DATA EXCERPT
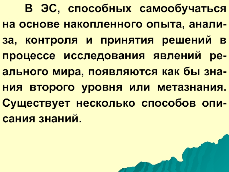 Слайд 19В ЭС, способных самообучаться на основе накопленного опыта, анали-за, контроля и
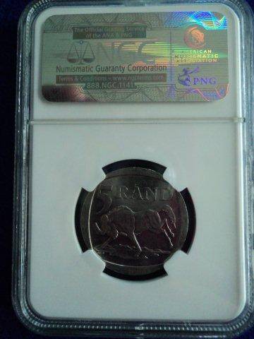 NGC AU55 - 2000 Nelson Mandela R5 + 2 Stamps. CTO.
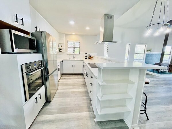 Frigorifero, microonde, forno, piano cottura

YOUR GOAL
The data must be repeated exactly. Any pictures in it are to be left out.

FINISHED TASK
 Слайд 19В ЭС, способных самообучаться на основе накопленного опыта, анали-за, контроля и
 NGC AU55 - 2000 Nelson Mandela R5 + 2 Stamps. CTO.
 Frigorifero, microonde, forno, piano cottura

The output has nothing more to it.